ASSIGNMENT.
Return the listing below exactly as it stands. Pictures stay out.

- Opening Delimiter -

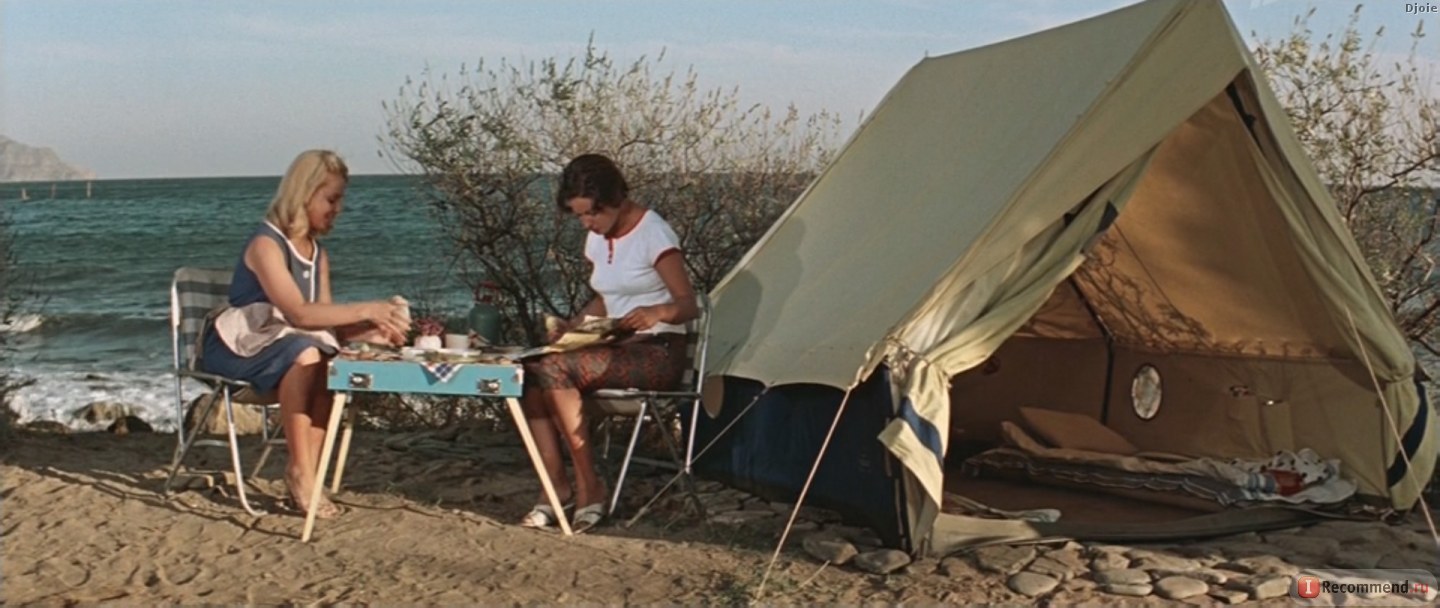 Две девушки сидят на берегу моря . Могу предположить , что на улице давольно таки жарко , так как девушки легко одеты . По моему мнению , девушки пришли сюда с ночевкой , так как поставили палатку . На стол они положили еду и питье все то , что нужно для отдыха . Каждая из них занята чем то своим . Девушка в белой одежде , возможно , читает какой нибудь модный журнал . Девушка же
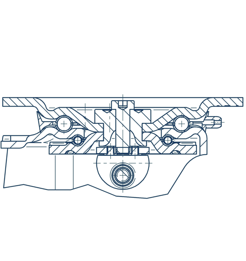 Swivel bearings lubricated with long-life grease and fitted with grease nipple for easy maintenance.
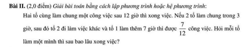 Nếu 2 tổ làm trong 3h sau đó tổ II đi làm việc khác và tổ I làm thêm 7h thì được $\dfrac7{12}$ công việc nên
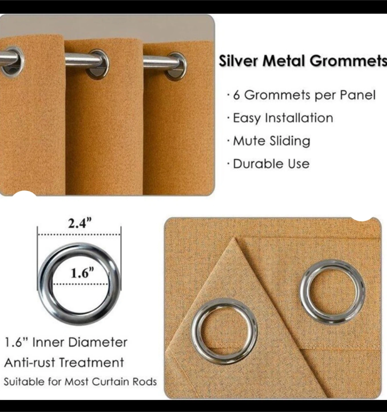 100Size 28"x 62". Melodieux 100% Blackout Curtains for Bedroom, Thermal Insulated Noise Reducing Linen Grommet Window Drapes for Living Room and Nursery, Golden Orange, 28 x 62 Inch Length, 2 Panels.
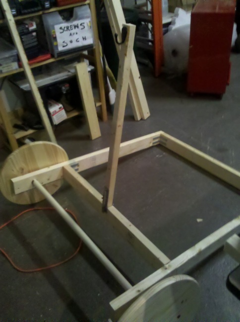Sean started with a simple sketch to feel out the details of what needed to be in the apparatus. PJ and his friend Bob helped with figuring out the technical details and labor of construction. The project came in three parts, the Cart, the Torso, and the Head.
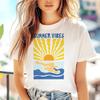 (Азиатский размер) Футболка с буквенным принтом, милая женская футболка с принтом для пляжного отдыха, женская одежда, повседневная модная футболка с короткими рукавами, женская футболка с графическим рисунком
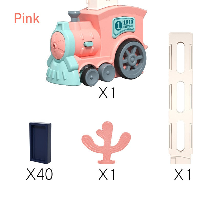 ערכה אוטומטית. סט רכבת הדומינו יכול לעצב נתיבי דומינו שונים, עם אפקטים של קיטור ואור כדי להגביר את השובבות של הילד. צעצוע כיפי לילדים והורים. רכבת הדומינו עשויה מחומר ABS, פלסטיק לא רעיל, חסר טעם. הרכבת והאריחים חזקים, מעוגלים ובלתי שבירים. הורים יכולים לתת לילדיהם לשחק בביטחון.
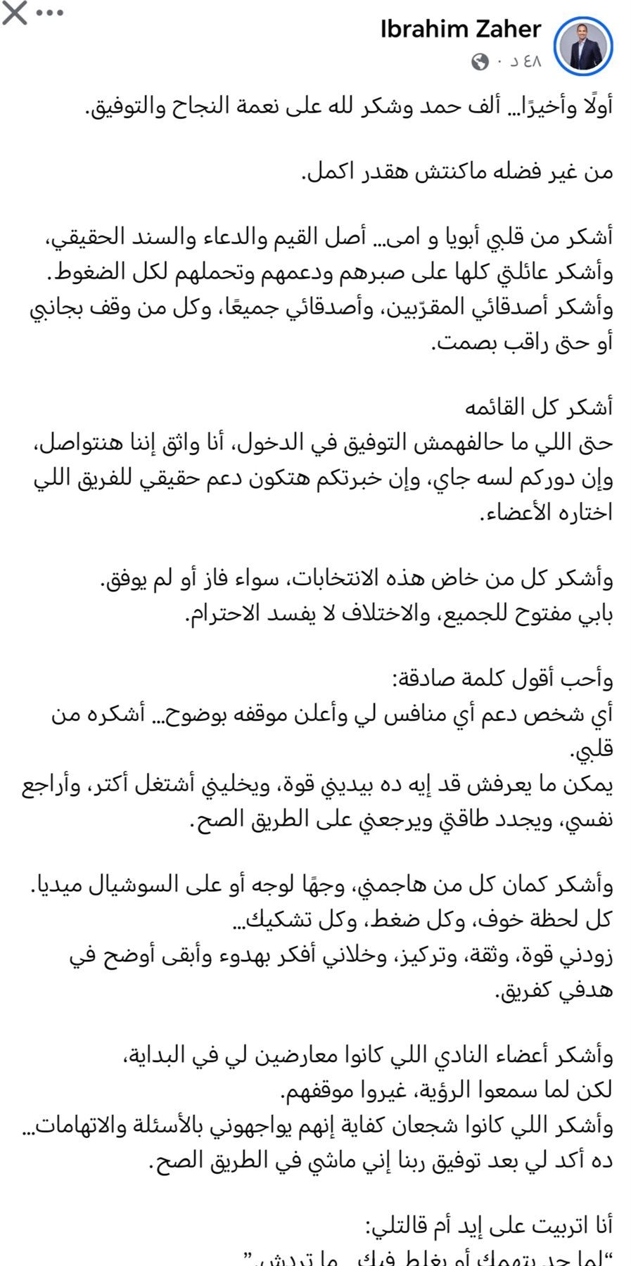 وأشار زاهر إلى تقديره لأعضاء النادي الذين عارضوه في البداية ثم غيروا مواقفهم بعد الاطلاع على رؤيته، مؤكدًا أن مواجهة الأسئلة والاتهامات بشجاعة كانت دليلًا، بعد توفيق الله، على السير في الطريق الصحيح، مشددًا على أنه تربى على عدم الرد على الاتهامات، وأن نيته صافية ولا يحمل في قلبه أي مشاعر سلبية تجاه أحد.
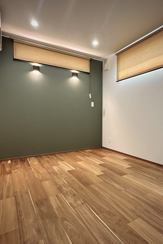 リラックスできる空間でありながら、グレー色を取り入れ空間のバランスを調和。
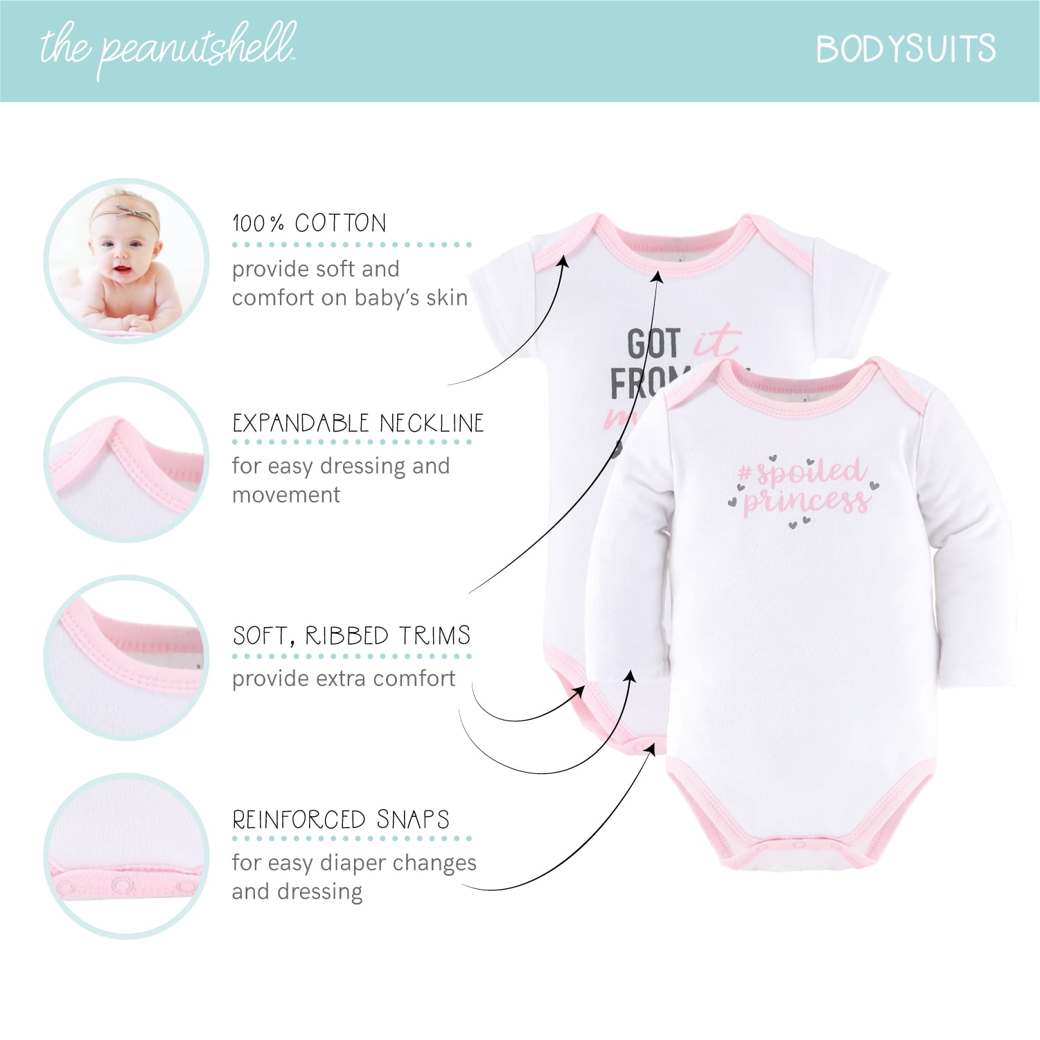 The Peanutshell Newborn Baby Layette Gift Set for Girls includes the perfect assortment of newborn baby clothing and other essentials that all new parents need to welcome baby home! This must-have set of essential newborn items makes a thoughtful and much appreciated baby shower gift. Made of soft 100% cotton, this 23 piece newborn baby gift set includes receiving blankets, burp cloths, beanies, mittens, long sleeve bodysuits, short sleeve bodysuits and a baby sleep sack – all in beautifully coordinated colors and patterns. Newborn baby clothing items include essential features to care for baby – expandable necklines, soft ribbed trim, reinforced snaps, soft ribbed cuffs and zipper pull guard. Newborn receiving blankets and baby burb cloths are super soft to comfort and keep baby warm and cozy. Machine wash and dry for easy care.

- Closing Delimiter -

ANSWER BOX.
 Две девушки сидят на берегу моря . Могу предположить , что на улице давольно таки жарко , так как девушки легко одеты . По моему мнению , девушки пришли сюда с ночевкой , так как поставили палатку . На стол они положили еду и питье все то , что нужно для отдыха . Каждая из них занята чем то своим . Девушка в белой одежде , возможно , читает какой нибудь модный журнал . Девушка же
 Swivel bearings lubricated with long-life grease and fitted with grease nipple for easy maintenance.
 Nếu 2 tổ làm trong 3h sau đó tổ II đi làm việc khác và tổ I làm thêm 7h thì được $\dfrac7{12}$ công việc nên
 100Size 28"x 62". Melodieux 100% Blackout Curtains for Bedroom, Thermal Insulated Noise Reducing Linen Grommet Window Drapes for Living Room and Nursery, Golden Orange, 28 x 62 Inch Length, 2 Panels.
Sean started with a simple sketch to feel out the details of what needed to be in the apparatus. PJ and his friend Bob helped with figuring out the technical details and labor of construction. The project came in three parts, the Cart, the Torso, and the Head.
 (Азиатский размер) Футболка с буквенным принтом, милая женская футболка с принтом для пляжного отдыха, женская одежда, повседневная модная футболка с короткими рукавами, женская футболка с графическим рисунком
 ערכה אוטומטית. סט רכבת הדומינו יכול לעצב נתיבי דומינו שונים, עם אפקטים של קיטור ואור כדי להגביר את השובבות של הילד. צעצוע כיפי לילדים והורים. רכבת הדומינו עשויה מחומר ABS, פלסטיק לא רעיל, חסר טעם. הרכבת והאריחים חזקים, מעוגלים ובלתי שבירים. הורים יכולים לתת לילדיהם לשחק בביטחון.
 وأشار زاهر إلى تقديره لأعضاء النادي الذين عارضوه في البداية ثم غيروا مواقفهم بعد الاطلاع على رؤيته، مؤكدًا أن مواجهة الأسئلة والاتهامات بشجاعة كانت دليلًا، بعد توفيق الله، على السير في الطريق الصحيح، مشددًا على أنه تربى على عدم الرد على الاتهامات، وأن نيته صافية ولا يحمل في قلبه أي مشاعر سلبية تجاه أحد.
 リラックスできる空間でありながら、グレー色を取り入れ空間のバランスを調和。
 The Peanutshell Newborn Baby Layette Gift Set for Girls includes the perfect assortment of newborn baby clothing and other essentials that all new parents need to welcome baby home! This must-have set of essential newborn items makes a thoughtful and much appreciated baby shower gift. Made of soft 100% cotton, this 23 piece newborn baby gift set includes receiving blankets, burp cloths, beanies, mittens, long sleeve bodysuits, short sleeve bodysuits and a baby sleep sack – all in beautifully coordinated colors and patterns. Newborn baby clothing items include essential features to care for baby – expandable necklines, soft ribbed trim, reinforced snaps, soft ribbed cuffs and zipper pull guard. Newborn receiving blankets and baby burb cloths are super soft to comfort and keep baby warm and cozy. Machine wash and dry for easy care.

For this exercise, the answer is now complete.